We employ the novel local importance pooling (LIP) in our encoders, while keeping the unpooling layer in the decoder. LIP is an effective pooling layer based on local importance modeling. LIP can automatically enhance discriminative features during the downsampling procedure by learning adaptive importance weights based on inputs. By using a learnable network, the importance function now is not limited in hand-crafted forms and able to learn the criterion for the discriminativeness of features. The window size of LIP is restricted to be not less than stride to fully utilize the feature map and avoid the issue of fixed interval sampling scheme. More specifically, the importance function in LIP is implemented by a tiny fully convolutional network which learns to produce the importance map.

We incorporate LIP from the previous step and replace the max-pooling layers in all encoders (1-4) of the VGG_19 network with the new pooling layer. We use the entire MSCOCO-17 dataset of unlabeled images consisting of about 122,000 images for training purposes.

We used pre-trained models and weights to initialized the weights of each encoder/decoder pair. During training the decoder, the weights of the encoder are fixed. Our loss module consists of a sum of pixel-reconstruction loss and feature loss. Pixel-reconstruction loss is nothing but the MSE loss of the resulting image and the original image. Feature loss is the MSE loss between the features extracted by the encoder for the resulting image and the content image. Lambda is set to 1 in the loss module.

Decoder2 and Decoder3 took about 4 and 6 hours respectively to train on a K-80 NVIDIA GPU. Decoder4 took 48 hours to train on this GPU. Batch size was set to 2 since we ran out of GPU memory for batch sizes greater than 2. To compensate this, we set the max epochs to 2.

Both content and style images were first transformed into HSV color space, which identifies pixel color by Hue, Saturation and Value (brightness) rather than RGB values.

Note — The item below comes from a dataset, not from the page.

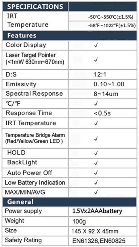 - rozsah měření: –50°C ... +550°C
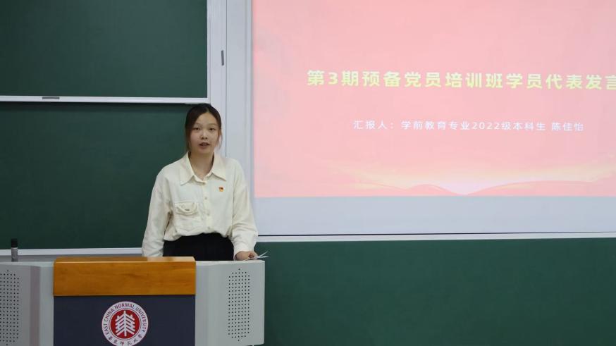 作为第三期培训班学员代表,学前教育专业2022级本科生陈佳怡同学结合自身的成长与实践,分享了她在理论学习、专业成长以及社会服务过程中的感悟和收获,并对本期培训班的同学们提出两点建议:一是沉下心来学思践悟,将党的创新理论与个人发展紧密联系;二是迈开步子知行合一,积极参与每一次实践与研讨,从细微处践行初心使命。

This is preferable because it allows pixels to be labeled based on hue and saturation, with less value placed on differences in brightness. The HSV images are then segmented using standard k-means clustering (k values between 5 and 10 work effectively) .

After clustering a correction step was applied to combine segments that were too close in Hue, and to address the fact that the Hue value in HSV space is cyclical.

As the images here demonstrate, the content and style segments will not necessarily match at this point

Each labeled segment in the content image was then matched to the best matching in the style image, in terms of segment location in the image and color of the segment.

Finally both segmentation maps were smoothed using a bilateral filter to maintain edges of image elements, while removing artifacts.

As is shown here, at this point, all segments in the content map should match segments in the style map.